(Given data)
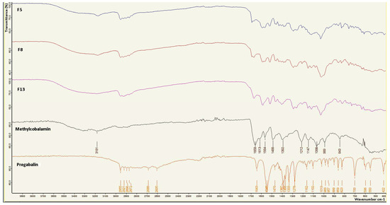 In order to determine whether there were undesirable interactions between formulation components and active ingredients, infrared spectra were taken from pure PG, MC and powder samples of formulations with an FTIR (ATR) spectrometer (Bruker VERTEX 70v, Billerica, MA, USA) in the wavenumber range of 4000–400 cm−1.
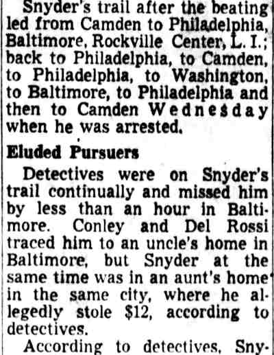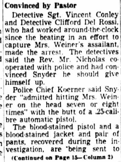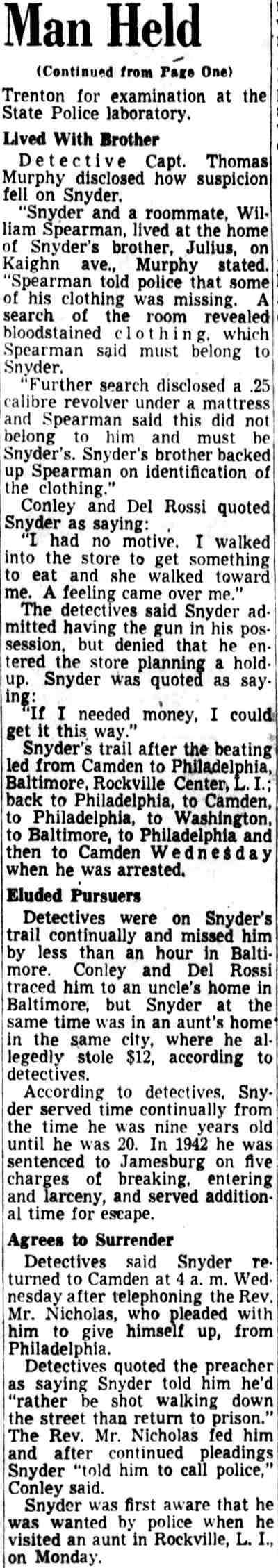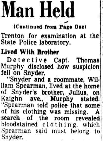 SLAIN BY JAGGED GLASS, HUSBAND HELD A death-bed command of a South Camden mother to her four children to stick to their story failed of its motive last night and the woman's husband was arrested on suspicion of murder. The charge will be changed today, police said, to one of murder. "Say only what I say, that I fell down the steps." Mrs. Philomena Marcozzi, 4l, died in West Jersey Homeopathic Hospital shortly after she made that remark; at 4 p.m. yesterday. She bled to death from a severe cut on her left arm. At her bedside were her children, Josephine, 15; Ida, 13; Louise, 17, and David, 19. Cops' Suspicions Aroused Nearby Out of sight of the dying woman, stood Detectives Clifford Del Rossi and Fiore Troncone. Their suspicions aroused, the sleuths renewed their investigation. As a result the woman's husband, Guilio Marcozzi, 55, of 321 Pine Street was put in the city jail last night, charged with the death of his wife. Mrs. Marcozzi was cut with the jagged edge of a broken wine decanter, during an argument with her husband over the cleaning of some hardshelled crabs. But it wasn't the children who said that. A neighbor, Mrs. Ida Lupini, 31, of 311 Line Street, was in the Marcozzi home when the children returned Sunday night from a crabbing trip to Sea Side Heights. She told police, they declared, that she saw the children jubilantly deposit their catch on the kitchen table. Then she watched, alarmed and afraid to leave, as Marcozzi told his wife to "throw them out." The wife refused. The husband insisted, and when his wife told him he should clean the crabs, he grasped the wine decanter and struck the mother over the temple, Mrs. Lupini said. Cut by Jagged 'Glass' The decanter broke. Grasping the long, neck of the bottle, Marcozzi continued to attack his wife. He swung the jagged edge towards her breast, and to protect, herself she raised her arm. The broken bottle cut deeply into her skin. An artery was severed. Then the children rushed, the mother to West Jersey Homeopathic Hospital. That is the story Mrs. Lupini told: according to Acting Chief of Police John W. Golden and Assistant Prosecutor Rocco Palese. The mother told hospital attaches she fell down the steps of her, home, cutting her arm on the broken bits of a bottle she was carrying at the time. The children, hearing this story, corroborated her. Wife Dying- Man at Work The father failed to appear at the hospital. Police were forced to get him at his work yesterday, according to Detective Joseph Carpani, when his wife was dying. Last night he denied the crime. He said he was not at home when his wife suffered the fatal injury. But his children, confronted with Mrs. Lupini's tale, broke down and confessed, according to police. Eighteen hours of almost constant questioning of the Lupini woman by Detectives carpani, del rossi and troncone solved the tragedy. All three were complimented last night by Acting Police Chief john w. golden. |
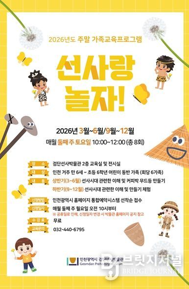 브릿지저널 김경미 기자 | 인천광역시 검단선사박물관은 2026년 새 학기를 맞아 가족이 함께 즐길 수 있는 주말 가족교육프로그램 '선사랑 놀자!'를 운영한다고 밝혔다.

(Exercise aim) In the copy, include no pictures; everything else in the material should be written out exactly.

(Answer area)
 In order to determine whether there were undesirable interactions between formulation components and active ingredients, infrared spectra were taken from pure PG, MC and powder samples of formulations with an FTIR (ATR) spectrometer (Bruker VERTEX 70v, Billerica, MA, USA) in the wavenumber range of 4000–400 cm−1.
 SLAIN BY JAGGED GLASS, HUSBAND HELD A death-bed command of a South Camden mother to her four children to stick to their story failed of its motive last night and the woman's husband was arrested on suspicion of murder. The charge will be changed today, police said, to one of murder. "Say only what I say, that I fell down the steps." Mrs. Philomena Marcozzi, 4l, died in West Jersey Homeopathic Hospital shortly after she made that remark; at 4 p.m. yesterday. She bled to death from a severe cut on her left arm. At her bedside were her children, Josephine, 15; Ida, 13; Louise, 17, and David, 19. Cops' Suspicions Aroused Nearby Out of sight of the dying woman, stood Detectives Clifford Del Rossi and Fiore Troncone. Their suspicions aroused, the sleuths renewed their investigation. As a result the woman's husband, Guilio Marcozzi, 55, of 321 Pine Street was put in the city jail last night, charged with the death of his wife. Mrs. Marcozzi was cut with the jagged edge of a broken wine decanter, during an argument with her husband over the cleaning of some hardshelled crabs. But it wasn't the children who said that. A neighbor, Mrs. Ida Lupini, 31, of 311 Line Street, was in the Marcozzi home when the children returned Sunday night from a crabbing trip to Sea Side Heights. She told police, they declared, that she saw the children jubilantly deposit their catch on the kitchen table. Then she watched, alarmed and afraid to leave, as Marcozzi told his wife to "throw them out." The wife refused. The husband insisted, and when his wife told him he should clean the crabs, he grasped the wine decanter and struck the mother over the temple, Mrs. Lupini said. Cut by Jagged 'Glass' The decanter broke. Grasping the long, neck of the bottle, Marcozzi continued to attack his wife. He swung the jagged edge towards her breast, and to protect, herself she raised her arm. The broken bottle cut deeply into her skin. An artery was severed. Then the children rushed, the mother to West Jersey Homeopathic Hospital. That is the story Mrs. Lupini told: according to Acting Chief of Police John W. Golden and Assistant Prosecutor Rocco Palese. The mother told hospital attaches she fell down the steps of her, home, cutting her arm on the broken bits of a bottle she was carrying at the time. The children, hearing this story, corroborated her. Wife Dying- Man at Work The father failed to appear at the hospital. Police were forced to get him at his work yesterday, according to Detective Joseph Carpani, when his wife was dying. Last night he denied the crime. He said he was not at home when his wife suffered the fatal injury. But his children, confronted with Mrs. Lupini's tale, broke down and confessed, according to police. Eighteen hours of almost constant questioning of the Lupini woman by Detectives carpani, del rossi and troncone solved the tragedy. All three were complimented last night by Acting Police Chief john w. golden. |
 브릿지저널 김경미 기자 | 인천광역시 검단선사박물관은 2026년 새 학기를 맞아 가족이 함께 즐길 수 있는 주말 가족교육프로그램 '선사랑 놀자!'를 운영한다고 밝혔다.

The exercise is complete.